In truth, not all our time was spent golfing or drinking. No, much of it was spent golfing and drinking. In Tralee, I abstained while my caddie shotgunned cider. An older man with twin mushroom clouds of white hair billowing from his ears, he had to be chauffeured, by a ranger on a golf cart, over much of the back nine. This allowed him to do drive-by readings of my putting line. On most shots he simply sighed on impact, "Oh, Jaysis, no."
Not that I could blame him. Over the week I sprayed more balls than Cruex. When I asked my caddie at Old Head what the course record was, he said, "Safe." In the evening my brothers and I sneaked onto the course at the Killarney Golf and Fishing Club, pulling a cooler full of Harp packed, in ice-bereft Ireland, in frozen bags of Birds-Eye garden peas. We played until dark, at which time we could just make out, circling us in the gloaming, a dozen predatory pack animals. When a bus made a U-turn in the parking lot, sweeping the course with its headlights, we saw, to our horror, what these creatures really were: twelve other cheap bastards, also playing Killarney for free, their beers packed in frozen-broccoli bags.
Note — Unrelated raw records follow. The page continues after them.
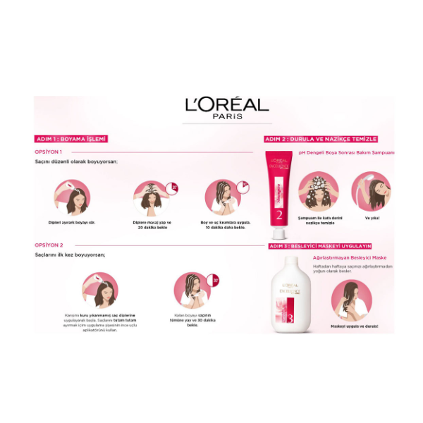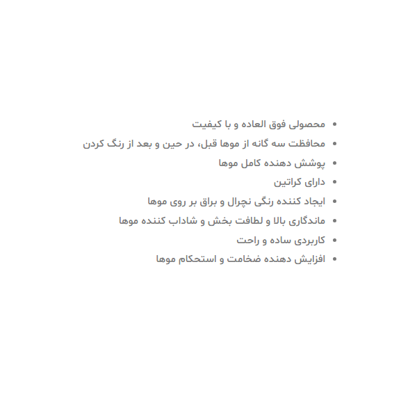 اقلام همراه: کرم رنگ مو: حاوی پروکراتین که در حین رنگ کردن موها را تقویت میکند. شامپو: تثبیت کننده رنگ مو نرمکننده: حاوی سرامید که موها را پس از رنگ کردن بازسازی میکند اکسیدان با سرپوش قیفی دستکش اپلیکاتور |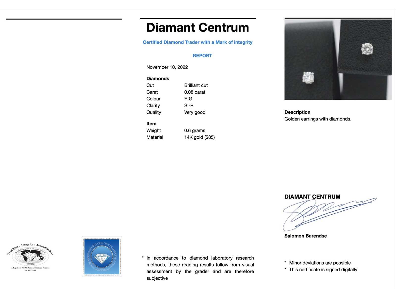 Samenvatting van gegevens Witgouden oorbellen met diamant Diamant: Natuurlijk; Slijpvorm: Briljant geslepen; Gewicht (carat): 0.08 carat; Kleur: F-G; Zuiverheid: SI-P; Slijpkwaliteit: Zeer mooi; Juweel: Oorbellen; Gewicht: 0.5 gram; Afmetingen/lengte: 2 mm; Materiaal: 14 karaat (585); Conditie: Nieuw; Verpakking: Luxe sieradendoos; Toelichting: De kwaliteit is overgenomen van het rapport behorend bij item. De waardebepaling is een beoordeling van een gecertificeerde diamantair, gebaseerd op consumentenprijzen.; Consumentenprijs: € 578,- Within 14 days Voornaamste diamant: Natuurlijk Kleur diamant: F-G Gewicht diamant: 0.08ct Slijpvorm diamant: Briljant geslepen Slijpkwaliteit diamant: Zeer mooi Zuiverheidsgraad diamant: SI-P Totaal gewicht: 0.5g Keurmerk: 585
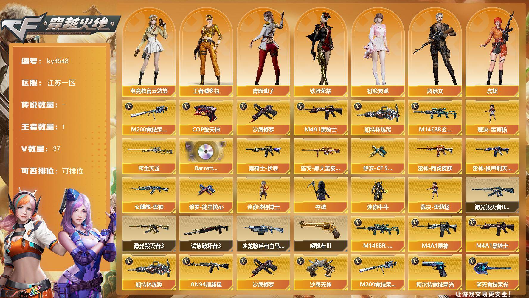 [17075539]江苏一区-37V-1王者-1炫金 【热门武器】:M14EBR-玄武,M200-竞技荣光,M4A1-黑骑士,加特林-炼狱,裁决-雪莉杨,COP-堕天神,沙鹰-修罗 【王者炫金武器】:炫金天龙 【音效卡】:Barrett-碧霄极光音效卡 【皮肤】:雷神-烈虎皮肤,雷神-机甲刑天皮肤,火麒麟-雷神,毁灭-黑大圣皮肤,黑骑士-伏羲,修罗-CF STAR,修罗-能量核心 【角色】:电竞教官-云悠悠,王者潘多拉,初恋灵狐,风暴女,虎妞,灵狐者-黄金海岸,潘多拉-X,潘多拉-甜心教官,青霞仙子,斯沃特-X,铁骑荣耀,樱-战斗天使 【人偶武器】:裁决-雪莉杨,迷你波特博士*2,夺魂,迷你牛牛 【挑战大师】:冰龙粉碎者-白马银枪,激光毁灭者III-白马银枪,激光毁灭者III*2,试炼破坏者III,阐释者III 【英雄级武器】:M4A1-雷神,M4A1-黑骑士,AN94-超新星,M14EBR-玄武,黑武士-锦绣游龙,M200-竞技荣光,王者蔷薇-觉醒版,加特林-炼狱,沙鹰-修罗,沙鹰-天神,COP-堕天神,柯尔特-竞技荣光*2,修罗-云海游龙,擎天-竞技荣光,高爆手雷-竞技荣光*7,闪光弹-竞技荣光*7,烟雾弹-竞技荣光*7,M4A1-赤狱骑士 【道具】:云山科技背包,云海游龙炫彩背包,背包-洛丽塔,超级背包,女皇终结者-魔龙之吻,救世主-黑桃战神,绿色巨人,灵魂忍者,迷雾幽灵,夺命之镰,防化服*3,金色流光-枪王排位,星辰流光-枪王排位,枪王排位28赛季金色流光,EP战队名片,防弹头盔*4,防弹衣*4,C4工具钳*3,手雷包*3 【特殊枪械】:1黑骑士,1炼狱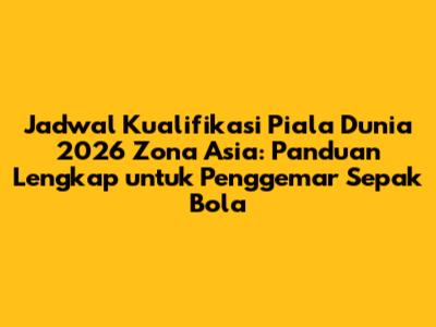 Jadwal pertandingan kualifikasi Piala Dunia 2026 zona Asia akan sangat dinantikan oleh para penggemar sepak bola. FIFA biasanya merilis jadwal resmi beberapa bulan sebelum dimulainya kualifikasi. Kalian bisa memantau perkembangan jadwal ini melalui situs resmi FIFA, federasi sepak bola negara masing-masing, atau media olahraga terpercaya. Jangan sampai ketinggalan informasi penting ini!

Mostly, they were other Americans. On the hottest day in a decade in Ireland, the locals were all on the beach at Ballybunion, where the only thing bronzed was the statue of Bill Clinton, driver in hand, in the center of town. The alabaster natives were turning pink, shellacked though they were in sunscreen.
Rounds of golf succumbed to rounds of Guinness. At Oscar Madison's in Kinsale we drank to America's greatest sportswriter. (And, in a manner of speaking, with him: the bar is festooned with photos of Jack Klugman.) In every pub we found ourselves playing—in time to the music, against our better judgment—air accordion.
With a hired bus and driver the eight of us traversed the breadth of counties Kerry, Clare, and Cork, from which my great-greatgrandfather, James Boyle, emigrated to Cincinnati 150 years ago. And so, if you riffle past ALOU and just beyond BOYER IN The Baseball Encyclopedia, you'll find another big league baseball family: the two sets of Boyle brothers, Jack and Eddie and their nephews Buzz and Jim. Jim Boyle, my grandfather, played catcher for a single inning of a single game at the Polo Grounds for the 1926 New York Giants.
His sixty-two-year-old son, my uncle Pat, came with us to Ireland, but Pat's wife, my aunt Sandy, did not. Nor did any wives. "It gets real old saying, 'Nice shot,' one hundred fifty times a round," explained Uncle Pat, who still parties like it's 1899.
Uncle Pat bunked all week with my dad, who unburdened himself at breakfast on the third day, whispering to us—with a deeply disquieted look on his face—"Pat sleeps in the nude." This was not a good swing thought to take to Old Head. Eight miles off its fairways, along with countless souls and a few hundred thousand Maxfli Noodles, rests the Lusitania. One of its three salvaged propellers was bought by a company in the British Virgin Islands and forged into thirty-five hundred sets of golf clubs.
In Ireland money and sports remain strange bedfellows, not unlike my dad and Uncle Pat. Each of the Irish football quarterfinal matches last week drew—in a nation of 3.9 million—seventy thousand spectators to Croke Park in Dublin. It's the per capita equivalent of five million Americans attending an AFC wild-card game. And yet the players—national celebrities—aren't paid. "They play for pride of county," said Johnny, my caddie at Waterville, "and they go back to work on Monday morning."
In one quarterfinal, Laois manager Mick O'Dwyer screamed so hard at his squad that his dentures flew out, tracing a perfect parabola in midair, a photograph that ran in all the Irish dailies the next day. For all I know, the disencraniumed teeth are still going, like those novelty windup chattering choppers, chewing on the ass of some poor Laois midfielder even now.
"I'd like to see yer man, the average American footballer—guy six-tree, tree-turty-five, wit all tem pads and whatsit—have a go at one of our lads," said Keith, our diminutive bus driver from Tipperary, with a sardonic laugh. Our padded NFL behemoth, Keith suggested quite convincingly, would be turned into lumpy mashed potaytoes by his boys.
Even so, the toughest man in Ireland last week was Jim Rushin—my bunkmate and brother, twelve weeks removed from a bone-marrow transplant—playing seven rounds in six days in ninety-degree heat on a cruel, doctor-imposed ration of one beer a day. No matter. Guinness is good for you. But golf, it turns out, is even better.